17. The non-transitory machine-readable storage medium according to claim 15, wherein the processor is further configured to:
generate second navigation information based on the current lane of the intelligent driving device and the feasibility of each lane-level path, wherein the second navigation information indicates a third lane-level path from the current location to the target location; and
generate the first navigation information based on first environment information around the intelligent driving device and the second navigation information, wherein
the first environment information comprises at least one of an obstacle location, an obstacle density, and a road marking line in the current lane.
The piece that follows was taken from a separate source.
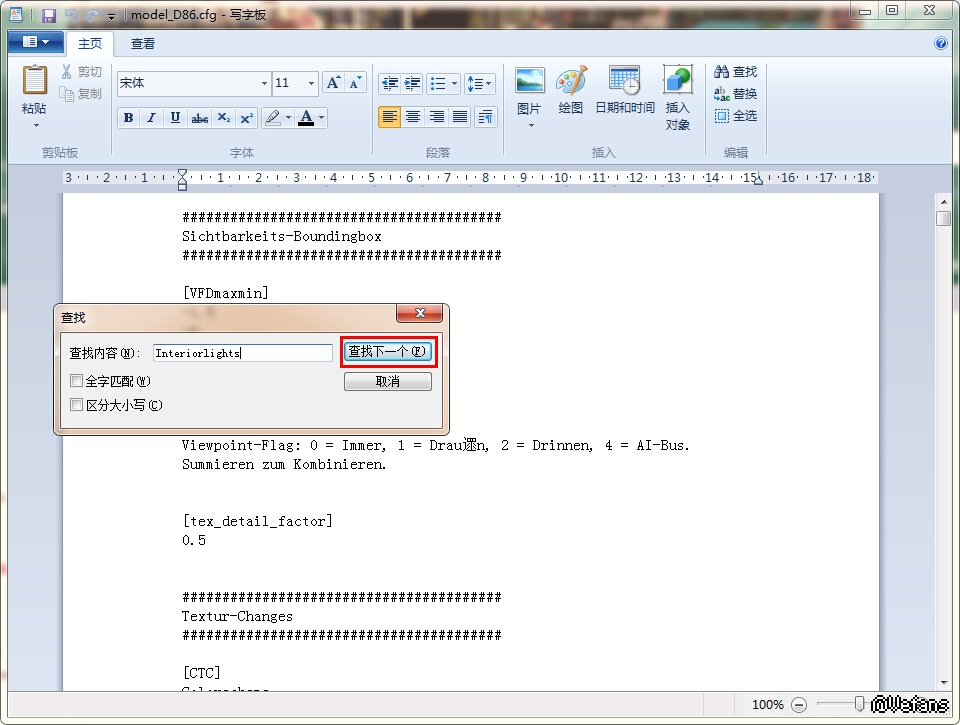 ②用 Ctrl+F 找到 Interiorlights,然后点击 查找下一个

18. The non-transitory machine-readable storage medium according to claim 17, wherein the processor is further configured to:
control a display apparatus of the intelligent driving device to change from displaying the second navigation information to displaying the first navigation information.
19. The non-transitory machine-readable storage medium according to claim 17, wherein the processor is further configured to:
determine the third lane-level path and a fourth lane-level path from the at least two lane-level paths based on the current lane of the intelligent driving device; and
when a feasibility of the third lane-level path is higher, generate the second navigation information based on the third lane-level path.
20. The non-transitory machine-readable storage medium according to claim 15, wherein the processor is further configured to:
determine a local lane-level topology of a current traveling road of the intelligent driving device based on second environment information around the intelligent driving device, wherein the second environment information indicates road boundaries of the current traveling road, and the current traveling road comprises the current lane;
determine a matching degree between the local lane-level topology and a first part of the lane-level topology, wherein the first part is where the lane-level topology overlaps with the current traveling road;
when the matching degree is less than or equal to a preset threshold, determine a fifth lane-level path of the intelligent driving device on the current traveling road based on the current lane, the feasibility of each lane-level path, and the local lane-level topology; and
generate the first navigation information based on the fifth lane-level path.